January 30, 2023
Transportation officials in San Francisco want to put the brakes on the rollout of robotaxis in the city.
General Motors’ subsidiary Cruise and Waymo, which is owned by Google parent company Alphabet, both offer fully driverless rides in San Francisco, with the former having operated a commercial service – where passengers pay fares – since June last year.
But several incidents have prompted city officials to write letters to state regulators highlighting their opposition to the companies’ accelerated expansion plans, which they consider “unreasonable.”
Last April, for example, a Cruise robotaxi blocked the path of a fire truck that was answering a call. And in July, a fleet of Cruise cars gathered at an intersection in the city due to a software glitch, stopping traffic for several hours.
A host of other disruptions caused by AVs in San Francisco have been flagged up on social media, too. And in December, it was confirmed that the National Highway Traffic Safety Administration had launched an investigation into Cruise’s vehicles over reports of incidents where they “may engage in inappropriately hard braking or become immobilized.”
To date, only limited fleets of robotaxis have been permitted to operate at specified times in San Francisco. But with Cruise and Waymo both keen to extend their operations to 24 hours a day, seven days a week, across most of the city – and have exclusive responsibility for all future expansion decisions – the San Francisco County Transportation Authority has now sent two communications to the California Public Utilities Commission (CPUC) to raise concerns about the individual companies’ plans.
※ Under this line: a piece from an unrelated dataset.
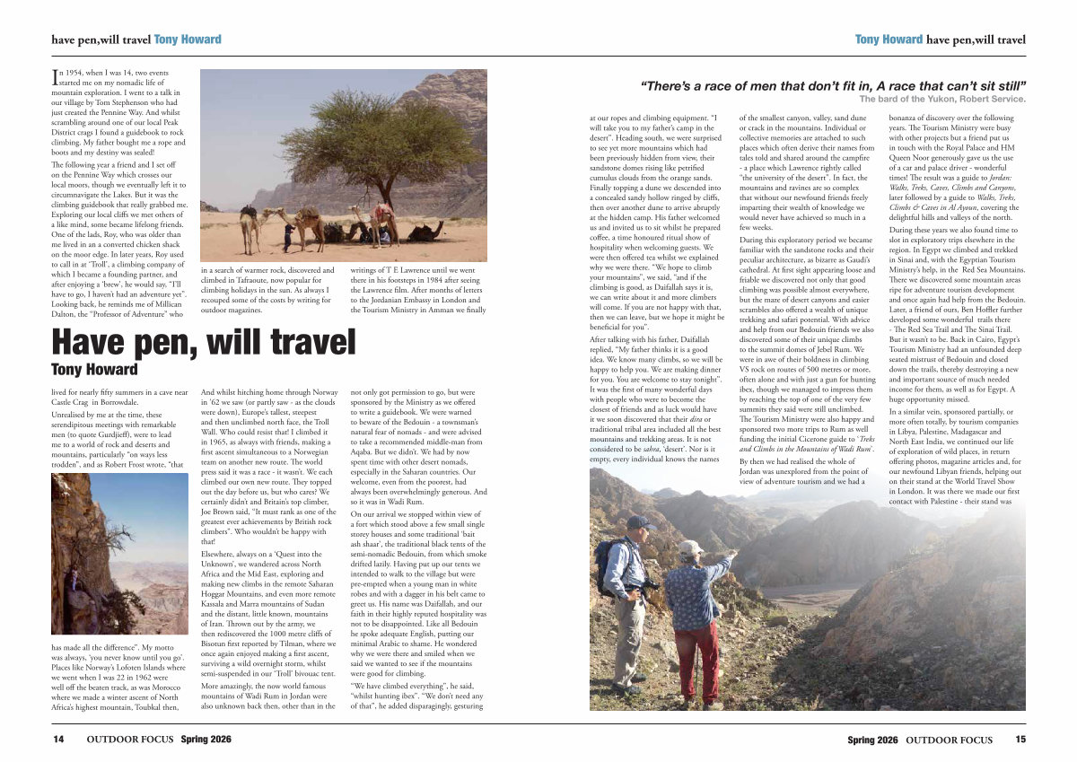 The following year a friend and I set off on the Pennine Way which crosses our local moors, though we eventually left it to circumnavigate the Lakes. But it was the climbing guidebook that really grabbed me. Exploring our local cliffs we met others of a like mind, some became lifelong friends. One of the lads, Roy, who was older than me lived in an a converted chicken shack on the moor edge. In later years, Roy used to call in at‘ Troll’, a climbing company of which I became a founding partner, and after enjoying a‘ brew’, he would say,“ I’ ll have to go, I haven’ t had an adventure yet”. Looking back, he reminds me of Millican Dalton, the“ Professor of Adventure” who in a search of warmer rock, discovered and climbed in Tafraoute, now popular for climbing holidays in the sun. As always I recouped some of the costs by writing for outdoor magazines. writings of T E Lawrence until we went there in his footsteps in 1984 after seeing the Lawrence film. After months of letters to the Jordanian Embassy in London and the Tourism Ministry in Amman we finally

In a letter dated Jan. 25, officials from the authority wrote: “If the Commission approves sweeping authorizations for both Waymo and Cruise, the hazards and network impacts caused by planned and unplanned AV stops that obstruct traffic could soon affect a large percentage of all San Francisco travelers.”
And in both letters, an approach of incremental progress is advocated rather than immediate mass expansion. “No one anticipated the kind of street obstructions that members of the public have reported to 9-1-1 in the months since the Commission authorized Cruise to offer limited driverless commercial services,” explains the authority.
It adds: “In the months since the Initial Approval, Cruise AVs have made unplanned and unexpected stops in travel lanes where they obstruct traffic and transit service, and intruding into active emergency response scenes, including fire suppression scenes, creating additional hazardous conditions.” The two letters address specific issues with each of the company’s proposals, but general concerns include a desire to keep AVs out of core streets in the city’s downtown area and restrict their usage to outside of peak hours, as well as a request for more transparent reporting of data on how the robotaxis are performing.
However, the sending of the letters does not spell the end for robotaxis in San Francisco. The transportation authority officials insist they remain “excited about the potential that automated driving could expand the menu of transportation choices available in the city.”
As part of the regulatory process Cruise and Waymo have regular dialogue with both the city officials and CPUC, and these discussions are set to continue as all parties seek to agree on a suitable path forward.